• WHAT IS BEING ASKED: The entries below hold a line with "It automatically identifies" and a line with "Gawfolk Écran PC". Return those lines and all that lie between them, exactly and only.

• DATASET RECORDS:
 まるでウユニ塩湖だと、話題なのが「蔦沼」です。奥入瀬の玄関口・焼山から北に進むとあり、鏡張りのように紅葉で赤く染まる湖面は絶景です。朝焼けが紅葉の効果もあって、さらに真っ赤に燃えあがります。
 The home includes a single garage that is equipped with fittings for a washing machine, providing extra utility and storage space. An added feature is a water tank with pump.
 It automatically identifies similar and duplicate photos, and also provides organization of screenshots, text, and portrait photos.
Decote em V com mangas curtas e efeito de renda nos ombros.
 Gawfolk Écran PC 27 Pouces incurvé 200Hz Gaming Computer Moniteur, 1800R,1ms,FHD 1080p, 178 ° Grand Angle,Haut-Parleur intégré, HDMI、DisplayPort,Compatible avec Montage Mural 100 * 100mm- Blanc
* * *
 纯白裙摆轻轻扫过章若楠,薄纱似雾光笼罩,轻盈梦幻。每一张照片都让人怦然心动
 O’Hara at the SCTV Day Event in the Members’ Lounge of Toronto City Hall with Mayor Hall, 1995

• TASK RESPONSE:
 It automatically identifies similar and duplicate photos, and also provides organization of screenshots, text, and portrait photos.
Decote em V com mangas curtas e efeito de renda nos ombros.
 Gawfolk Écran PC 27 Pouces incurvé 200Hz Gaming Computer Moniteur, 1800R,1ms,FHD 1080p, 178 ° Grand Angle,Haut-Parleur intégré, HDMI、DisplayPort,Compatible avec Montage Mural 100 * 100mm- Blanc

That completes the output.